What is expected.
Without including any images, reproduce each entry exactly.
BEGIN Information given
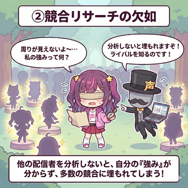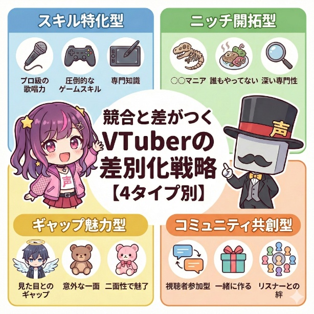 大手事務所のような潤沢なリソースがなくても、心配する必要はありません。競合と差がつく「VTuberの差別化戦略」を学び、あなただからこそできる戦い方を見つけましょう。
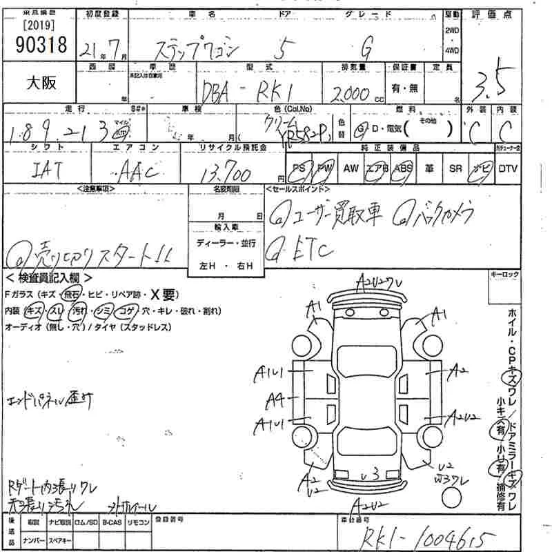 Honda STEP WAGON с аукциона Японии MIRIVE Osaka лот № 90318
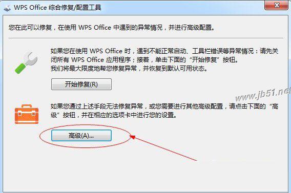4、进去之后可以看到弹出一个新的对话框【wps office 综合修复/配置工具】,选择【高级】;
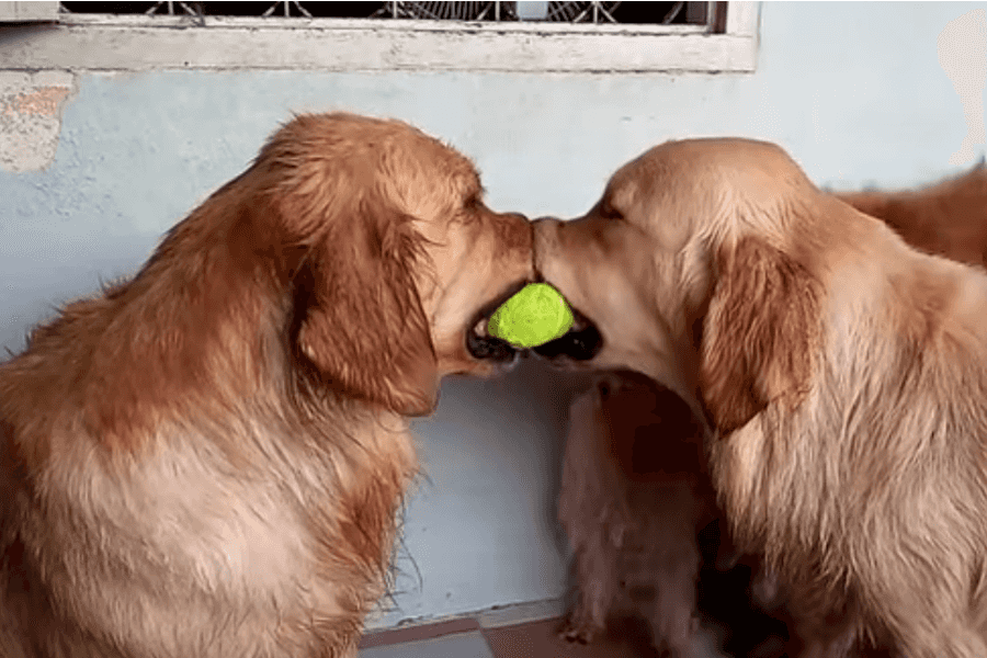 Estos golden retirever disputaban una pelota de tenis, con la jugaban junto a su dueño, pero esto duró poco, porque alguien llegó a solucionar el problema. A continuación podrás ver el video que ahora es un éxito en youtube.
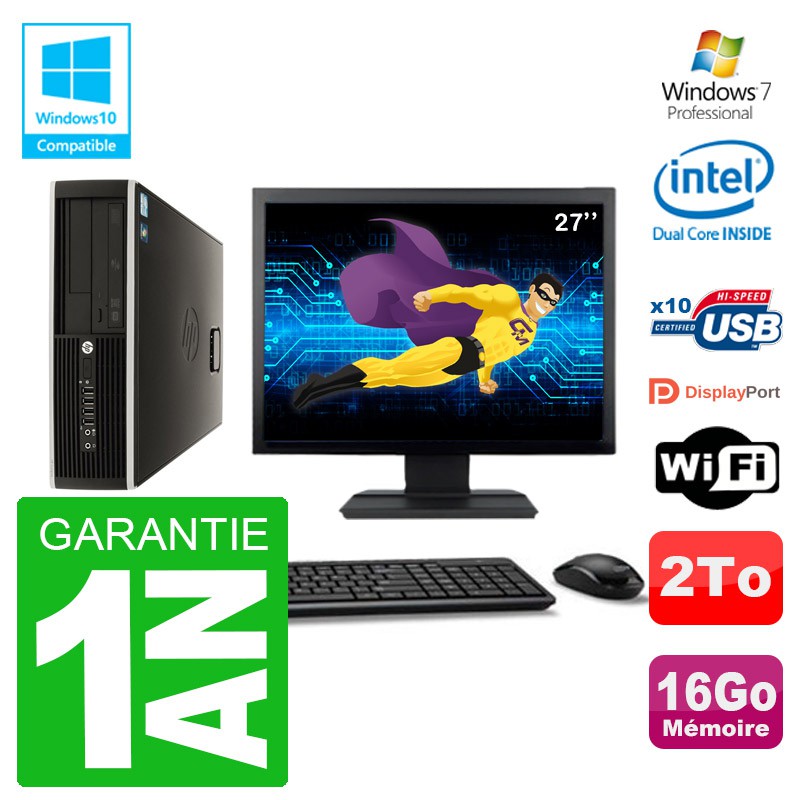 PC HP Elite 8100 SFF - Intel Pentium G6950 2.80GHz (3 Mo de cache) - 16 Go DDR3 - Disque Dur 3,5" 2 To - Graveur DVD - Clé WIFI USB - Windows 7 Pro - Livré avec Ecran 27" + clavier + souris (Marques et modèles selon arrivages) - Garantie 1 an.
END Information given
Reply.
 大手事務所のような潤沢なリソースがなくても、心配する必要はありません。競合と差がつく「VTuberの差別化戦略」を学び、あなただからこそできる戦い方を見つけましょう。
 Honda STEP WAGON с аукциона Японии MIRIVE Osaka лот № 90318
4、进去之后可以看到弹出一个新的对话框【wps office 综合修复/配置工具】,选择【高级】;
 Estos golden retirever disputaban una pelota de tenis, con la jugaban junto a su dueño, pero esto duró poco, porque alguien llegó a solucionar el problema. A continuación podrás ver el video que ahora es un éxito en youtube.
 PC HP Elite 8100 SFF - Intel Pentium G6950 2.80GHz (3 Mo de cache) - 16 Go DDR3 - Disque Dur 3,5" 2 To - Graveur DVD - Clé WIFI USB - Windows 7 Pro - Livré avec Ecran 27" + clavier + souris (Marques et modèles selon arrivages) - Garantie 1 an.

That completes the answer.